Kikwit : les activités du parti Cause commune suspendues pour raisons sécuritaires
Le maire de la ville de Kikwit, Abbé Ngiama Katshiaka, a ordonné la suspension, à compter du 1er février 2026, de toutes les activités politiques du parti Cause commune, formation dirigée par Claude Ibalanki, sur l’ensemble de la juridiction urbaine.
La décision, annoncée dans un communiqué officiel parvenu à la presse, est justifiée par un contexte sécuritaire jugé préoccupant. L’autorité urbaine évoque notamment la récente apparition publique de Claude Ibalanki aux côtés de Corneille Nangaa et de Bertrand Bisimwa, deux figures associées à des dynamiques politico-militaires liées à des groupes rebelles actifs dans l’Est de la République démocratique du Congo.
Selon le communiqué, toute initiative politique menée au nom du parti Cause commune ou pour le compte de son président national est désormais formellement interdite à Kikwit. Les contrevenants s’exposeront aux sanctions prévues par la loi.
Le maire réaffirme par ailleurs l’engagement de la ville en faveur de la paix, de la stabilité et de la cohésion sociale, rejetant toute attitude susceptible de soutenir ou de banaliser les actions des groupes armés, régulièrement accusés de graves violations des droits humains et d’alimenter l’insécurité persistante dans l’Est du pays.

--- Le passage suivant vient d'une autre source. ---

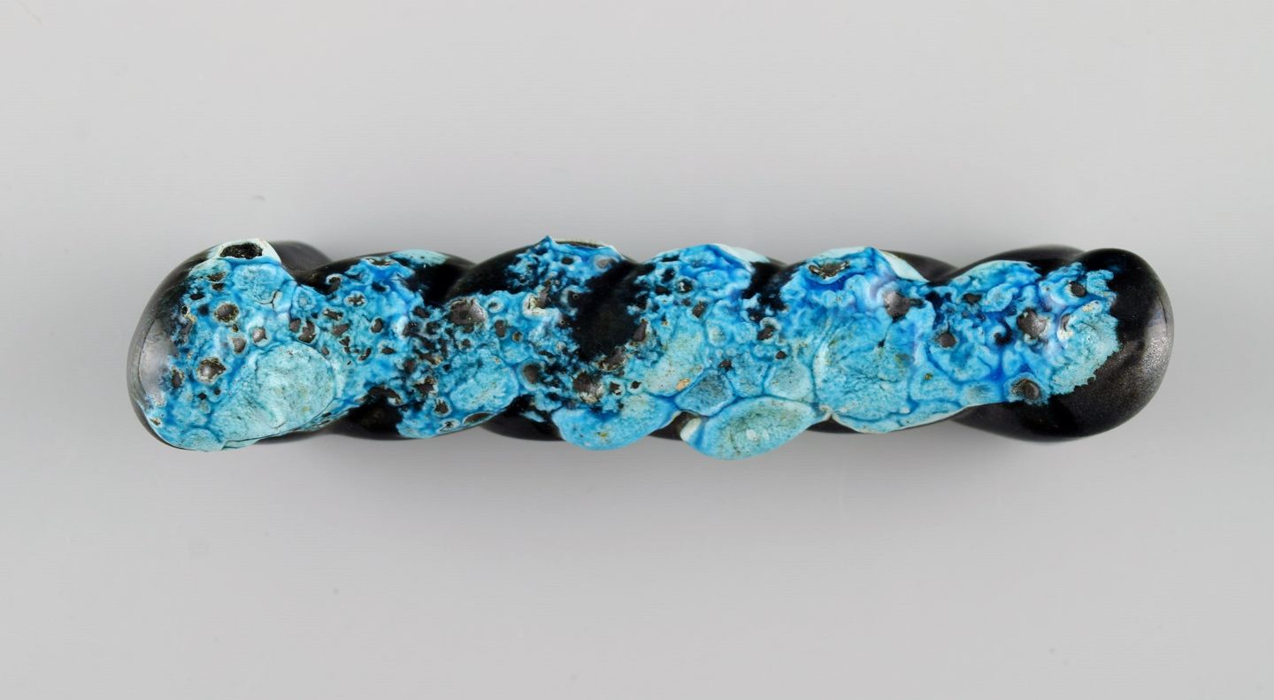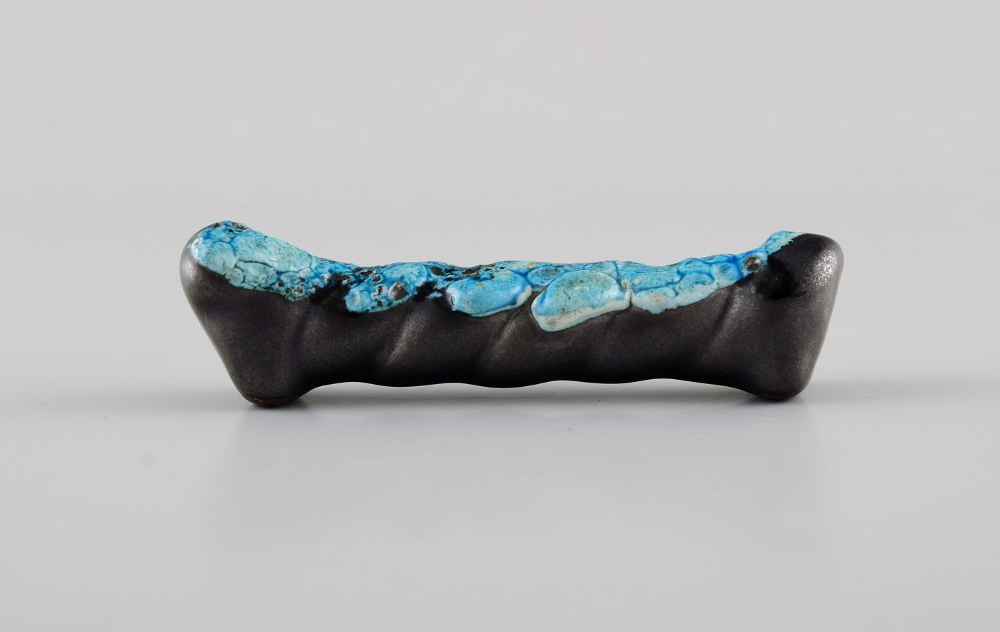 Fransk keramiker. Otte knivblokke i glaseret stentøj. Smuk glasur i azurblå nuancer. Unika keramik af høj kvalitet. Midt 1900-tallet. Måler: 8,5 x 2,5 cm. I flot stand.

Ancien cadre de l’UDPS et ex-ambassadeur itinérant du chef de l’État, Claude Ibalanki est originaire de la province du Kwilu. Il a lancé le parti Cause commune à l’approche des élections générales de 2023 et s’était présenté à la députation nationale lors du scrutin du 20 décembre 2023 à Kikwit.
Présenté comme proche de Claude Ibalanki, le maire de la ville a pris cette décision peu après avoir été interpellé en urgence à Kinshasa pour une consultation par le vice-Premier ministre et ministre de l’Intérieur, Jacquemain Shabani.